Феликс крепко зажмурилась, пытаясь сдержать слезы, соскочил с моих колен, а потом произнес:
— Он не виноват.
Я оторопел.
— Почему ты так решил?
Он крепко зажмурился и прошептал:
— Потому что это я убил его.
***
Когда Хёнджин произнес, что Дон Хён умер от передозировки, мне показалось, я падаю. Потому что прошлое начало собираться, бусина за бусиной, выстраивая все события в логическую цепочку.
С его смерти прошло две недели. Был обыкновенный день, каких тысячи, но этот особенно запомнился.
— Феликс, — поймал за руку тренер. Вид у него был строгий и встревоженный. — Надо поговорить. — Он отвел меня чуть в сторону, но не стал начинать издалека, а задал вопрос прямо в лоб: — Меня интересует оксикодон, что ты принимал после травмы полгода назад. У тебя оставались таблетки?
Мои ладони похолодели. Я покачал головой. Этот препарат был очень сильным, но тогда мы пошли на риск, ведь я шел на золото.
Стерев со лба пот, тренер облегченно выдохнул. А я, наоборот, напрягся:
— Что-то не так?
— Все хорошо, — потрепал он меня по волосам. — Не бери в голову. Я рад, что их у тебя больше нет.

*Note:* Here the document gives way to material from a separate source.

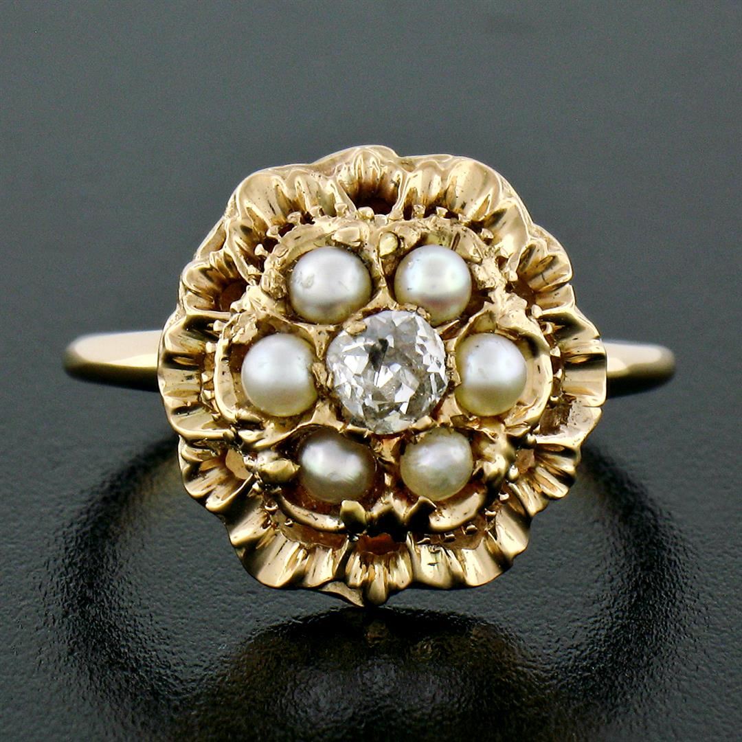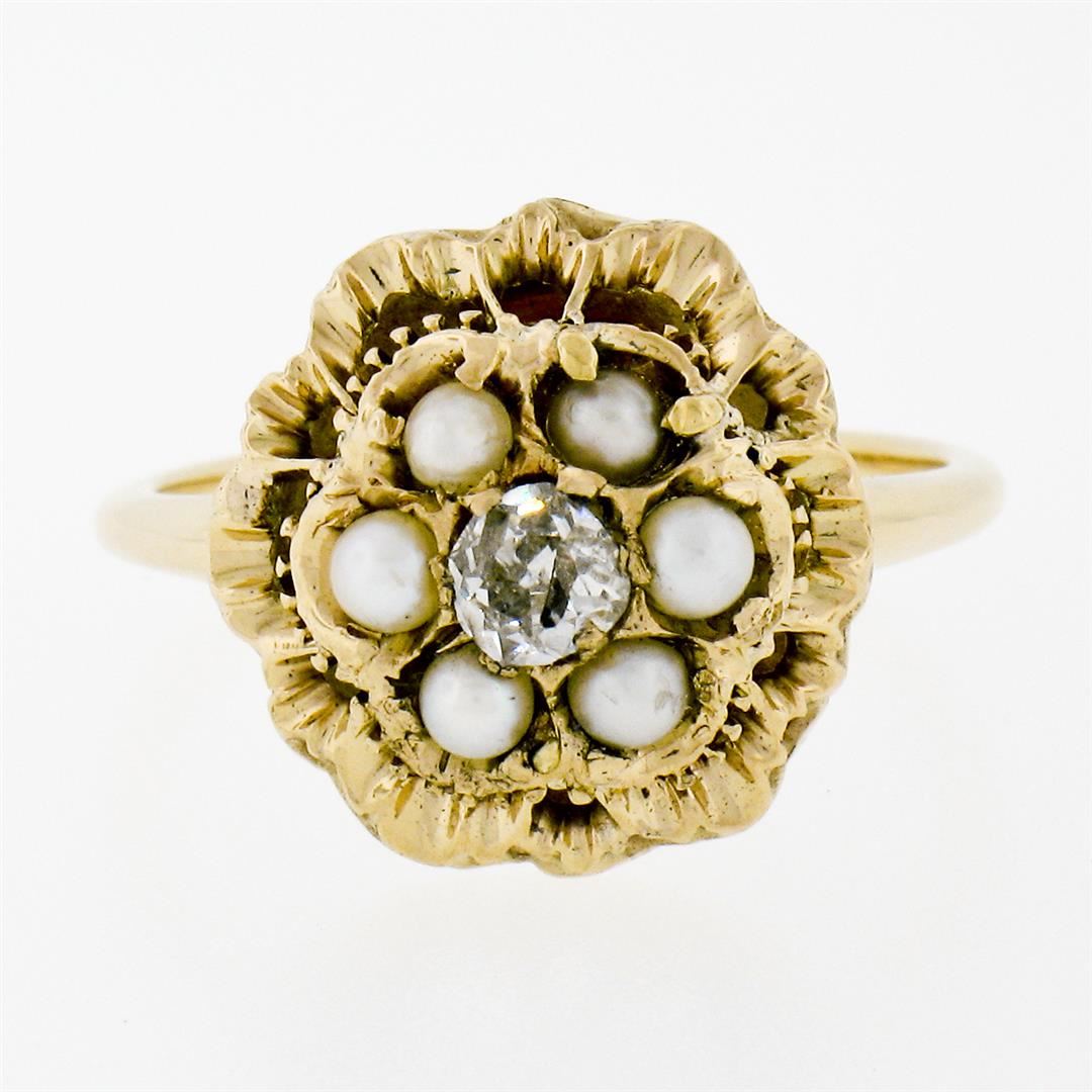 A vintage solid 14k yellow gold tiered ring, with 1 old european cut natural diamond (F - I1 ; 0.21ct), surrounded with 6 round shape natural seed pearls ( 2.6mm). The ring is size 8.0, weighs a total of 4.29 grams, and measures 15.0mm wide.

Я опустил взгляд, потому что у меня их действительно не было. Больше не было.
Вынырнув из воспоминаний, я попытался
поднять на Хвана взгляд, но не решился.
— Я просто хотел помочь, — шепотом произнес я. — Не знал, что случилось и как он получил те травмы. Видел только, как сильно переживает, что пришлось многое пропустить, но он не хотел сниматься с соревнований. Попросил спортивного врача выписать ему что-то, блокирующее боль, но тот отказал. И тогда... — Я всхлипнул. — Тогда я отдал ему свои таблетки.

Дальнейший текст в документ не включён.